Первые отклики на катастрофу пришли только через четыре часа после взрыва, когда уцелевшие и обезумевшие от страха американцы повалили через сухопутную границу с Мексикой, причем не только в положенных местах, но почти на всем ее протяжении, ломая при этом мешающие металлические ограждения. Они скупали продовольствие и транспорт, после чего старались как можно быстрее убраться подальше от границы. Беглецов было так много, что скоро в приграничных городках покупать стало нечего. Деньги были не у всех, поэтому не обошлось без воровства и грабежей. Местные власти попросту растерялись. Еще через пару часов край неба с американской стороны потемнел, и полоса черноты стала быстро приближаться, погружая мир в жуткий полумрак. Люди зажигали фонари, жгли на улицах костры, бросая в них все, что могло гореть и истово молились о прощении грехов. Те, за кем грехов было слишком много, не рассчитывая на милосердие и пользуясь темнотой и бездействием властей, грабили, насиловали и убивали, пытаясь жестокостью и текилой заглушить леденящий душу страх.
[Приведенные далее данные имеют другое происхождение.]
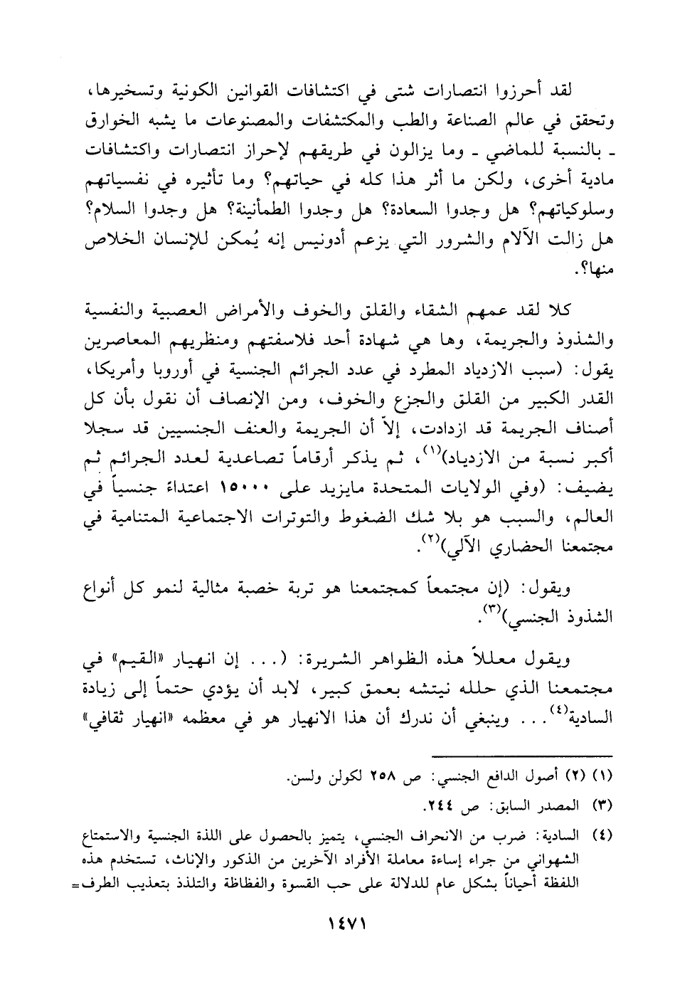 ويقول معللًا هذه الظواهر الشريرة: (. . . إن انهيار "القيم" في مجتمعنا الذي حلله نيتشه بعمق كبير، لا بد أن يؤدي حتمًا إلى زيادة السادية (¬٤). . . وينبغي أن ندرك أن هذا الانهيار هو في معظمه "انهيار ثقافي"

– Началось, – сказала Лида. – А власти Мексики так и не выступили. А ведь наверняка знали о ваших передачах. И в Европе пока молчат.

– Испуг и растерянность, – ответил Алексей. – Вся связь со Штатами пропала почти сразу. Нас они перехватили, да и национальные космические агентства наверняка отчитались о вулкане. Я бы на их месте мобилизовал армию и вводил военное положение, а потом избавлялся от лишних ртов. Они, скорее всего, будут действовать так же, но не сразу. Нелегко на такое решиться, после того как семьдесят лет убеждали всех в приверженности правам и свободам граждан. Да и исчезновение старшего брата, которому смотрели в рот, выбило из колеи. Ничего, завтра, когда на нас начнут надвигать крышку кастрюли, молчать уже не смогут.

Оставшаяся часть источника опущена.